Former Danish FM calls to turn Nord Stream 2 into 'Pyrrhic Victory' for Moscow
Read on the website Vestnik KavkazaFormer Danish Foreign Minister Uffe Ellemann-Jensen of the liberal-conservative party Venstre has urged Western countries to use all the means at their disposal and find a way to turn the Nord Stream 2 gas pipeline into a "Pyrrhic victory for Russia".
The former foreign minister admitted that Nord Stream 2 is "almost finished" despite long delays, including the Danish environmental approval which took a long time, and the US sanctions that "almost completely stopped the project".
Ellemann-Jensen also decried the Biden administration's handling of the pipeline, calling it a "genuflection" to President Putin. "Had his predecessor Donald Trump done so, this columnist, alongside many others, would have described it as yet more proof that Trump was in Putin's pocket", he admitted.
"There is an important point to be made: it must not become a carte blanche for Putin and Gazprom to divide and conquer in European energy policy", Ellemann-Jensen wrote in an opinion piece for the newspaper Berlingske. "Europeans should be able to turn off the tap when they need to put pressure on Russia", Sputnik cited him as saying.
In order to reduce "the threat of dependence on Russian gas", as he put it, he mused that the construction of a gas pipeline from Norway to Poland should be completed as soon as possible.

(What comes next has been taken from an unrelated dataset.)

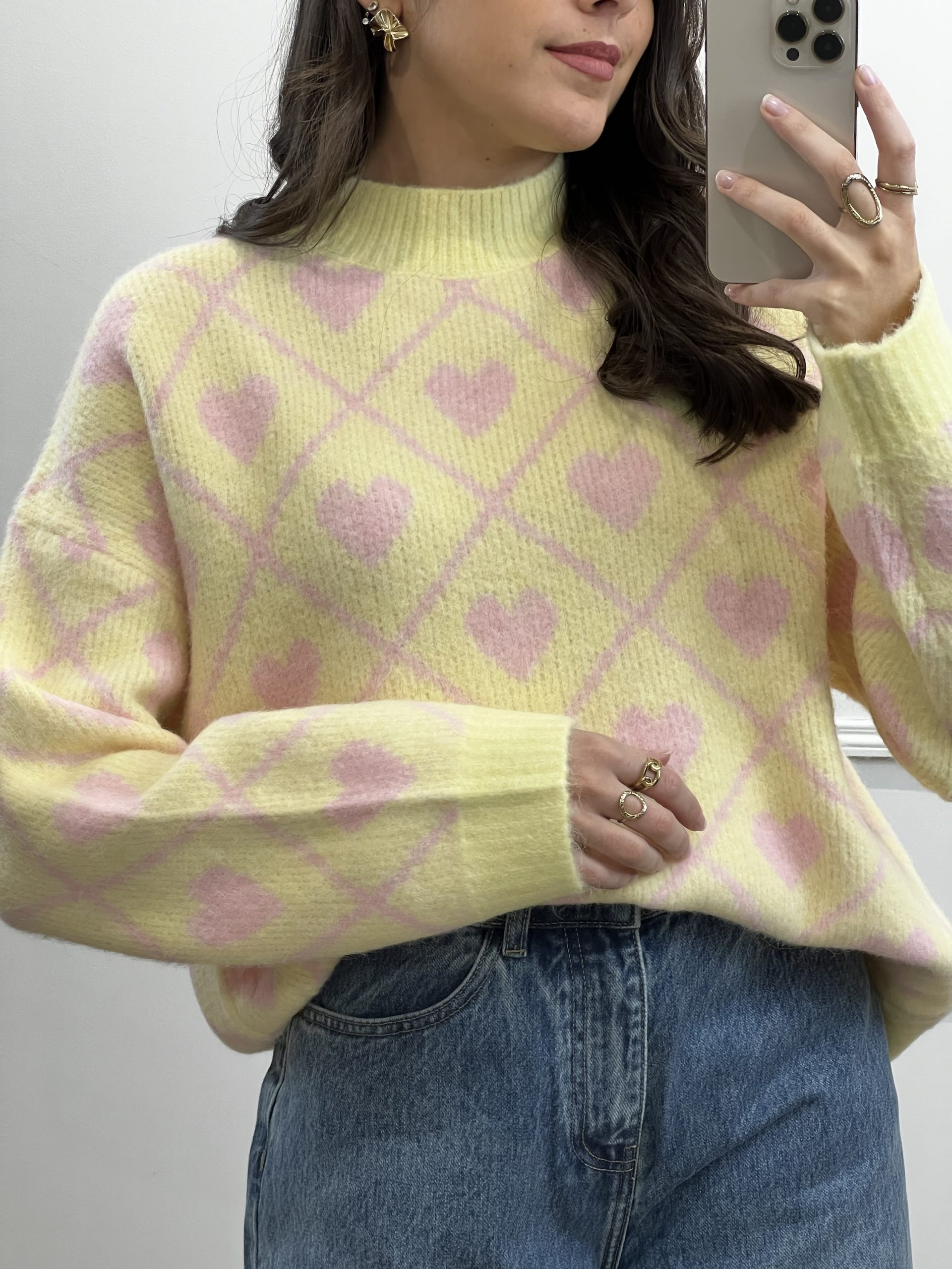 PULL JACQUARD JAUNE COEURS ROSES

"In several places in Denmark, you can see large stocks of pipes, which are waiting for a resolution in a case that where suddenly some protected mice appear to be bothered by the pipeline", Ellemann-Jensen wrote, citing the Danish authorities' rejection of the 210-kilometre $2.6 billion Baltic Pipe due to protected habitats of the hazel doormouse and the birch mouse. The pipeline, intended to be put into operation in 2022, was to link Danish and Polish gas consumers with Norwegian gas fields in the North Sea.
The ex-Danish foreign minister additionally suggested purchasing American liquefied gas as an alternative and concluded that a common European energy policy could also put "pressure" on Moscow in the gas market, urging Europe to "think creatively".